Bu portakallarda tüm narenciyelerdeki karotene ilaveten 'antokyanin' adlı kırmızı pigmentler bulunuyor. Genetiğin yanı sıra bu portakallar bu özelliklerini yetiştikleri çevredeki iklim şartlarına borçlu. Olgunlaşma dönemlerinde soğuk, yaz ve sonbahardaki evrelerinde ise ılık hava istiyorlar. Ancak Akdeniz'de narenciye ekimi yapılabilecek sıcaklıktaki bölgelerin gece ile gündüz arasındaki sıcaklık farklarının yüksek olduğu kuru iklimli kısımlarda yetişebiliyorlar. Düşük ısılar kırmızı renk oluşumunu arttırdığından kuzeye bakan yamaçlarda daha kırmızı türler yetişiyor. Oldukça sınırlı bir alanda yetiştiğinden bu portakalların kökenleri Avrupa Birliği tarafından korumaya alınmış.


Pazarcılardan öğrendiğim kadarıyla bizim ülkede Mersin ve Antalya'da az miktarda bir üretim var.

Morumsu bir kırmızısı olan en koyu renkli olan türleri MORO olarak adlandırılıyor. Orta kalınlıkta bir kabuğu, küremsi, ovalimsi bir şekli, çekirdeksiz bir eti var. Asitliği ve antokyanin oranı en yüksek olan tür.

İspanya'da rastlanan türü SANGUINELLO COMUNE'nin kırmızı gölgeli canlı bir rengi var. Asitlik ve antokyanin oranı düşük, tatlı bir tadı var.

TAROCCO ise kan portakalları arasındaki en ünlü tür.
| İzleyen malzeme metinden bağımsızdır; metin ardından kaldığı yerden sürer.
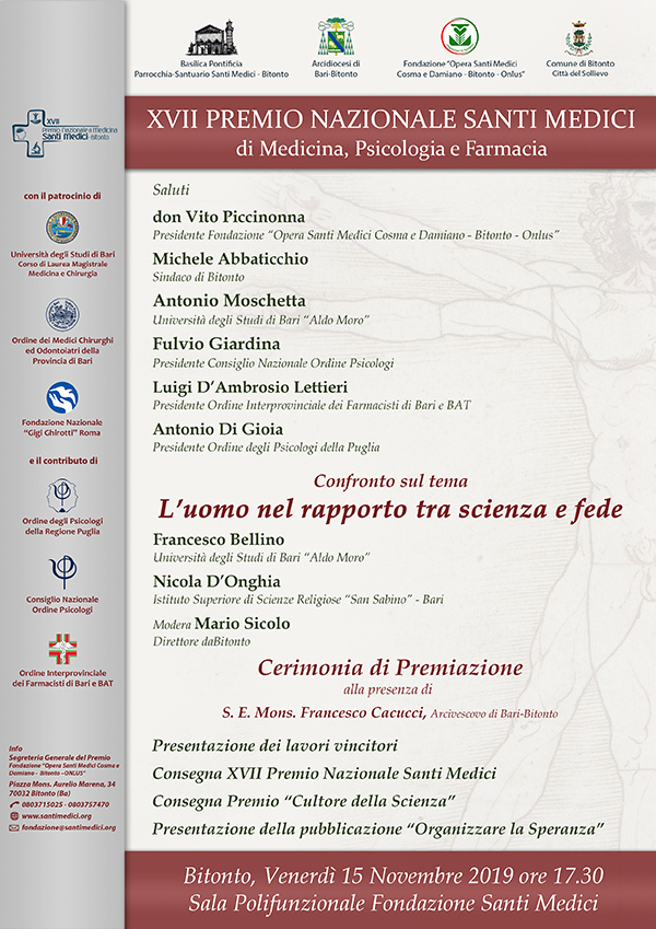 Siamo lieti di invitarvi al XVII PREMIO NAZIONALE SANTI MEDICI di Medicina, Psicologia e Farmacia che si terrà venerdì 15 novembre 2019 alle ore 17.30, presso la Sala Polifunzionale Fondazione Santi Medici, Bitonto.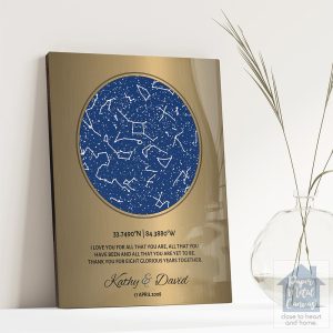 Brass Star Map 8th Anniversary Wall Plaque Gift for Couple LTC-1742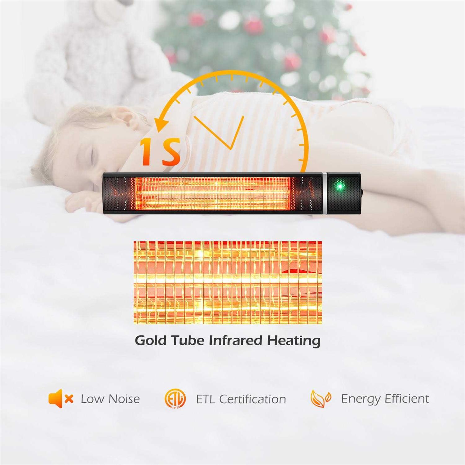 Adjustable heating modes (750W/1500W) and 9 heat range for ideal temperature 0-45 degree tilted mounting angle for better warm enjoyment 24h time setting with auto shut-off setting for cozy sleep Features This wall mounted electric heater provides you a warm place in winter. With advanced infrared heating system, our space heater can heat up your room in 1 second. And the remote control allows you to set an ideal temperature easily. Besides, you can change the tilted angle of this heater to set a great radiation direction and its quiet operation offers you a better environment for relax and work. 24h timer with auto shut-off can save your bill effectively. What’s more, high quality heater with wall-mounted design ensures the safe using experience and much more useful space. Material: Aluminum Alloy Overall Dimension: 21” x 4” x 4” (LXWXH) Net Weight: 3.5 lbs Maximum Energy Power: 1500W Rated Voltage: AC120V, 60Hz Power Cord Length: 6.2” Package Includes: 1 x Infrared Space Heater, 1 x User Manual, 1 x Screw Bag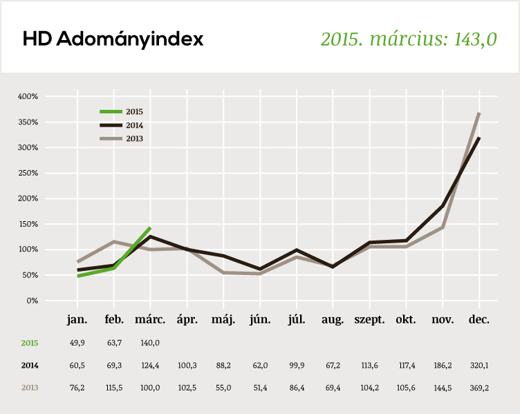 Indexünk márciusi rekord 143 pontja inkább az adományban gazdag év vége tipikus kiugró értékeire hasonlít, ez az eredmény bőségesen kárpótol az év első két hónapjának halványabb számaiért. A HD Adományindex kilengései vélhetően nem a tavaszi időjárás szeszélyeivel állnak összefüggésben, sokkal inkább a megelőző hónapok kampányainak eredménye tolódott kicsit későbbre. Vajon hasonlóan erős lesz-e az április is?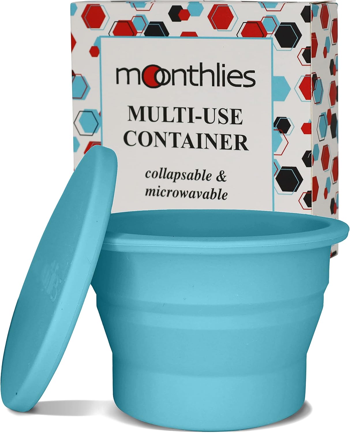 - STERILIZE - Fill container with water, boil water in microwave for 2-3 minutes, remove from microwave and insert your menstrual cup/disc and seal lid. Leave cup or disc in sealed container for 5 minutes to finis the sterilizing process.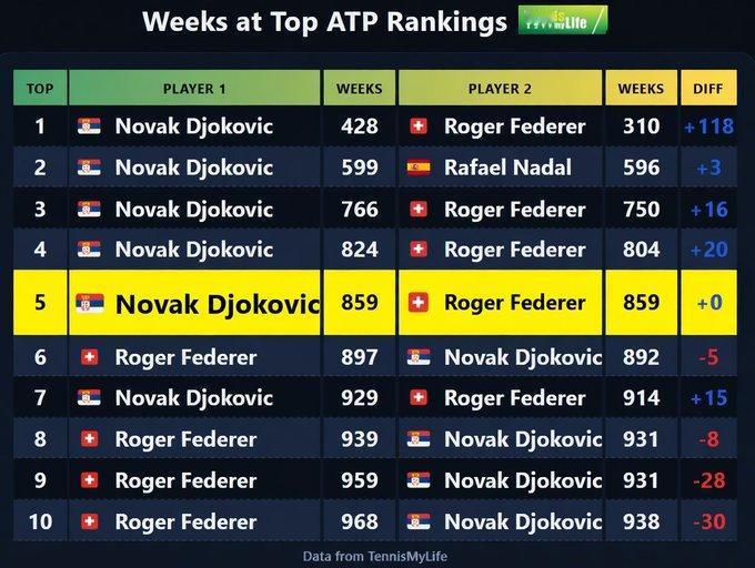 本周,在ATP世界排名前5的时长上, 德约科维奇和费德勒的周数持平,均为859周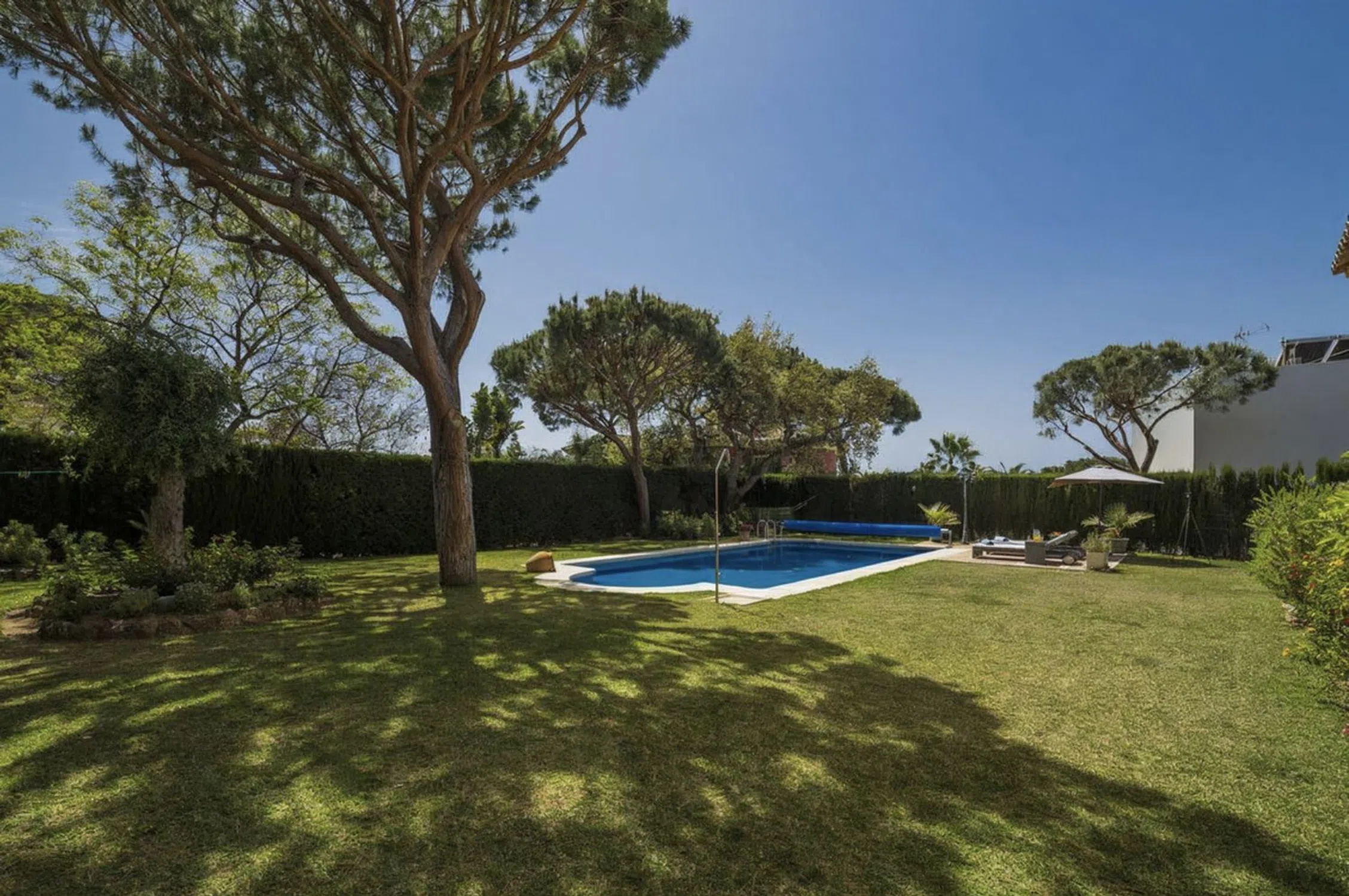 Exquisita villa con elegancia, privacidad y potencial de inversión en Elviria Esta villa de elegante diseño ofrece un estilo de vida sofisticado en una de las zonas residenciales más prestigiosas de Marbella Este. Un impresionante hall de entrada conduce a una cocina totalmente equipada con zona de desayuno y a un amplio salón-comedor de concepto abierto con chimenea y acceso directo a la terraza y al jardín paisajístico, ideal para una vida interior y exterior fluida. La vivienda cuenta con cuatro amplios dormitorios, todos con baños en suite, además de un aseo de invitados. Cada detalle ha sido cuidadosamente diseñado para combinar confort, luminosidad y elegancia atemporal. En el exterior se encuentra una zona lounge cubierta y un comedor al aire libre, rodeados por un jardín perfectamente cuidado con piscina climatizada, creando un oasis privado de tranquilidad. La propiedad dispone de garaje subterráneo para 2–3 vehículos, aparcamiento adicional y un gran potencial de ampliación para crear más dormitorios, baños, salas de ocio o almacenamiento. Elviria ofrece tranquilidad y proximidad a playas, golf, colegios internacionales y restaurantes. El centro de Marbella está a pocos minutos y el Aeropuerto de Málaga a unos 30 minutos. Una excelente oportunidad de inversión, con historial probado en alquiler vacacional de lujo. Informes anuales disponibles.

Çok lezzetli. Ovalimsi bir şekli ve tepesinde ağzı var. Çekirdeksiz bir ete ve orta kalınlıkta bir kabuğa sahip. İçerdiği C vitamini oranı diğer tüm narenciyelerden yüksek. (100 cl. de 90 mg.'a kadar çıkabiliyor.) Aralık ortasında olgunlaşma başlayıp Nisan başında sezonları bitiyor. Orta derecede asitliği ve antokyanin düzeyi var. Suyunun rengi yakut kırmızısı.


Ağız sulandıran bu tatlı-ekşi portakallarda herhangi bir portakala göre daha katmanlı, kompleks bir lezzet var. Narenciyelerle ilgili pek çok tarifte yalnızca tek bir narenciye türü kullanmak yerine onu başka bir narenciye türü ile desteklemenin daha zengin ve yuvarlak bir tat yarattığını düşünüyorum. Böyle düşünen yalnızca ben de değilim. Örneğin limonata yaparken  2 kilo limonun yanı sıra bir adet de portakal kullanılır. Portakal marmeladı  yaparken tencereyi ocaktan almadan önce biraz limon suyu eklerler. Japon narenciyesi 'Yuzu'nun özel tadının portakal, greyfurt ve limon karışımını andırdığı söylenir. Limonlu tart yaparken limonun o keskin tadını bir parça portakalla yuvarlatabilirsiniz. Kan portakalları ise bu dengeyi kendi içlerinde taşıyorlar. Portakal, limon ve greyfurttaki tek boyutluluğa daha kısıtlı bir alanda yetişen kan portakallarında bir parça derinlik ve ahududu notaları eşlik ediyor.